A goddamn haunted house.
“What the hell?” I muttered, fumbling with my keys before shoving the front door open with my shoulder. It creaked like a horror movie.
And then—hell broke loose.
“WHERE THE HELL HAVE YOU BEEN, ELIAS?!” Norma’s voice exploded from the gloom like a banshee. I couldn’t see her, but I felt her rage from the foot of the stairs.
“Where have I been?” I snapped, already fumbling for the light switch. Nothing. Just a click. No power. “Why the HELL is it dark?! Where’s the electricity?!”
“You tell me!” she screamed back. “You gave me the household budget for the month, I paid the bills, and apparently, the bank BOUNCED IT.”
“Bullshit!” I marched into the living room, tripping over some fur throw. “I gave you 15 dollars, Norma!”
“Yeah? And that barely covered the interest of your gambling loans and your stupid investment in Moroccan goatskin handbags!”
I flinched. “Don’t bring up the goats again—”
“Too late!” Venice stormed in from the hallway, the glow of her phone the only light in the house. “You promised me new Airwrap attachments for Christmas and instead I get a haunted mansion with no heater? It’s freezing, Dad! This is child neglect!”
“YOU’RE TWENTY-TWO!” I barked, but she was already scrolling Instagram again like I was invisible.
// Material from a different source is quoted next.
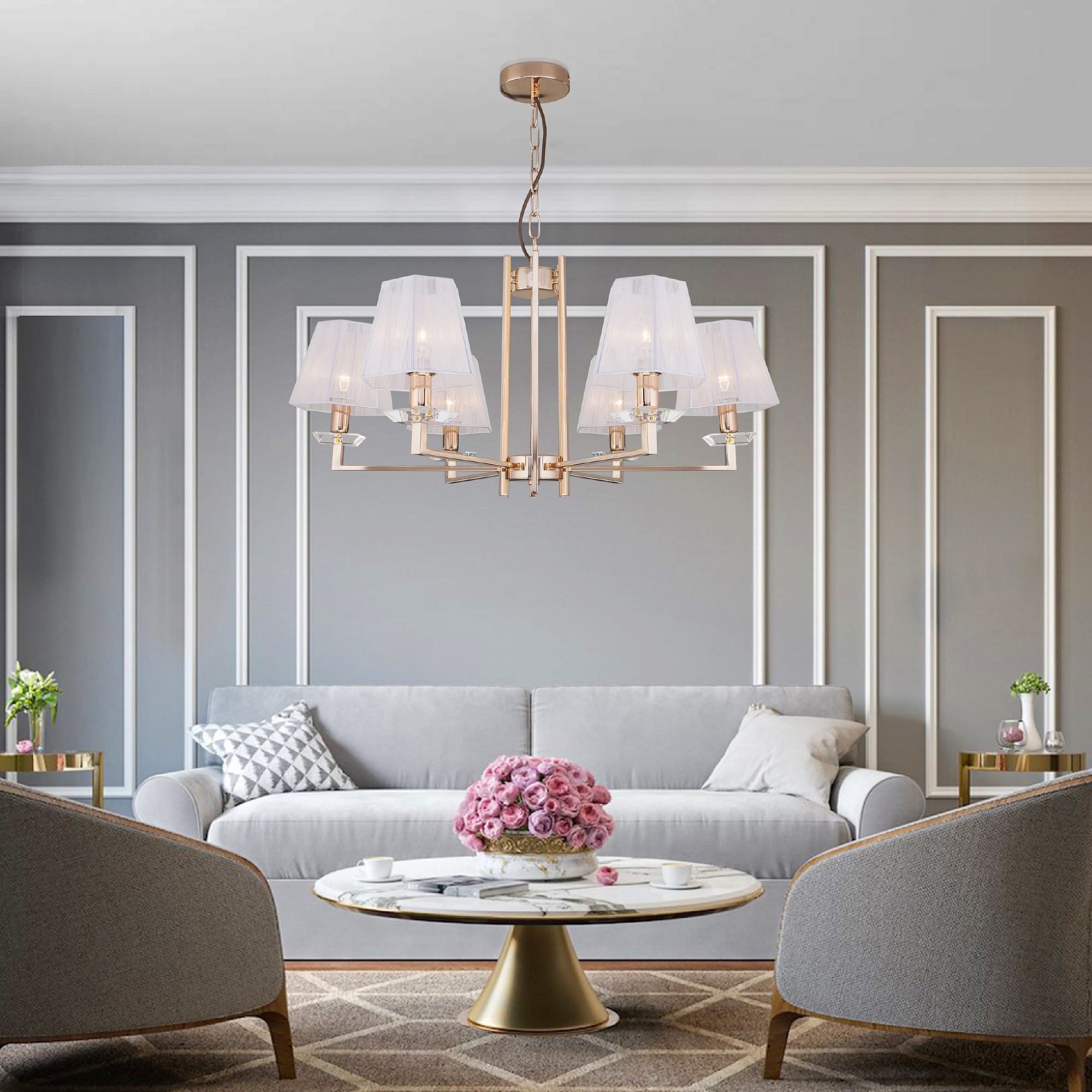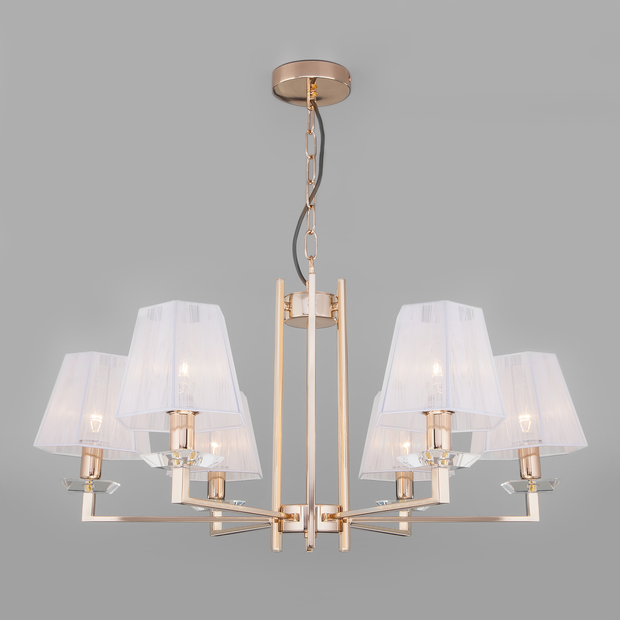 Допускается отличие страны-изготовителя, указанной в характеристиках. Линии производства могут находиться в нескольких государствах. Это не влияет на качество изготовления товара: все заводы данного бренда работают по общим стандартам, а готовые изделия проходят соответствующий контроль.Китай Коллекция Alegria ЦветЦвет арматуры Золото Цвет Золото Материал арматуры Металл Цвет декора прозрачный Цвет плафона Белый Материал декора Хрусталь Материал плафона Нить РазмерыВысота (мм) 880 Длина (мм) 800 Высота минимальная (мм) 380 Ширина (мм) 800 ЭлектрикаКоличество ламп (шт) 6 Цоколь E14 Мощность лампы (Вт) 40 Напряжение (В) 220 Площадь освещения 12 Дополнительная информацияСпособ крепления Планка Степень защиты (IP) IP20 Тип подвеса На цепи -
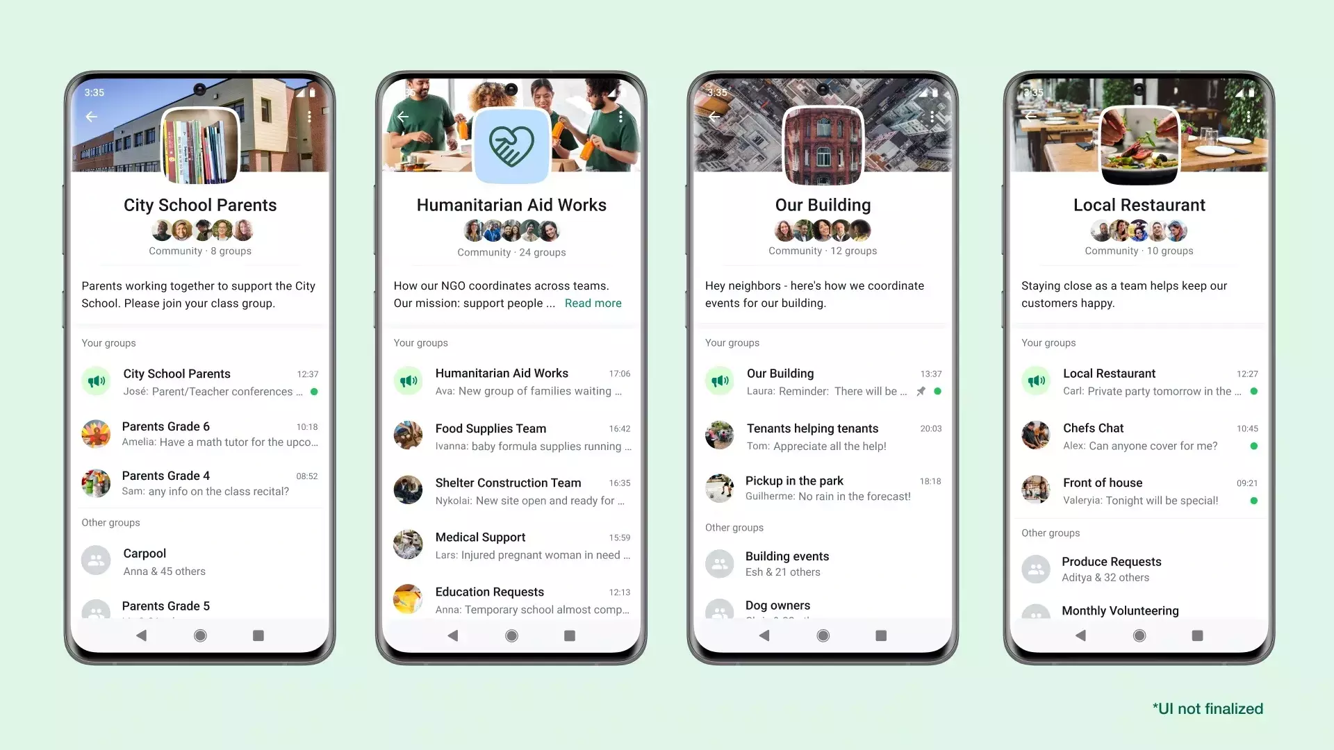 കമ്മ്യൂണിറ്റികൾ: പൊതുവായ താൽപ്പര്യമുള്ള ഗ്രൂപ്പുകളെ ഒരുമിച്ചു ഒരൊറ്റ പോയിന്റില് ലഭ്യമാക്കുന്ന പുതിയ ഫീച്ചറാണിതെന്നാണ് വാട്ട്സ് ആപ്പ് അറിയിക്കുന്നത്. ഒരൊറ്റ കേന്ദ്രത്തിന് കീഴില് വരുന്ന ഗ്രൂപ്പുകളെയെല്ലാം ഒന്നിച്ചുചേര്ത്ത് വാട്ട്സ് ആപ്പിന്റെ മറ്റെല്ലാ ഫീച്ചറുകളും എളുപ്പത്തില് ലഭ്യമാക്കുന്നതാണ് ഈ പുതിയ സംവിധാനം. ഇതിന്റെ ഇന്റര്ഫേസ് ഇതുവരെ അന്തിമമായിട്ടില്ലെന്ന് വാട്ട്സ് ആപ്പ് അറിയിച്ചു.

Ivy and MJ burst out of the hallway next, both half-dressed in designer loungewear, hair wrapped in silk scarves, makeup smudged.
“MJ STOLE MY DIOR BELT!” Ivy screeched.
“I didn’t steal it, you left it in the kitchen, you pig!” MJ threw a tube of lipstick at her, and it hit the wall with a loud clack!
“IT COST TWO DIMES—”
“AND YOU DON’T EVEN FIT IT ANYMORE!”
Screams. Screeching. Curse words in three languages. Scratches. A vase broke.
Then came the sobbing.
“Daddy…” Era’s small voice cut through the chaos. She was curled up on the leather couch in a giant coat, hugging a hot water bottle that was, frankly, cold.
“I’m so cold… I can’t sleep…” She was crying. Her teeth chattered. “It’s too dark…”
My heart cracked—but only a little. I was too drunk to even feel it properly.
I spun around, the only source of any semblance of order—the butler—stood silently at the far end of the room, wrapped in his coat.
“Where are the maids?” I barked.
“Resigned,” he said simply. “No pay for two months, sir. Maria and Lina left yesterday. Joan took the twins’ uniforms. Anna took the last bags of flour. I believe Bea sold the espresso machine.”
I blinked. “They sold my espresso—?”
“Because we have no food!” Norma screamed again, flying back into view like a tornado in velvet slippers. “You said we were doing fine! I found out the IRS has flagged us for three investigations—we have NO savings, no staff, no heat, and now, no fcking POWER!”
The pipes hissed. The walls creaked. Someone’s phone died, plunging us into full darkness.
I stood in the middle of my once-mighty home, shivering from both cold and rage. My daughters hated me. My wife screamed like a demon. My empire crumbled under debt and denial.
And through it all, I couldn’t stop thinking about her.
Lady K.
The whispers in boardrooms. The name that made men twice my power go pale.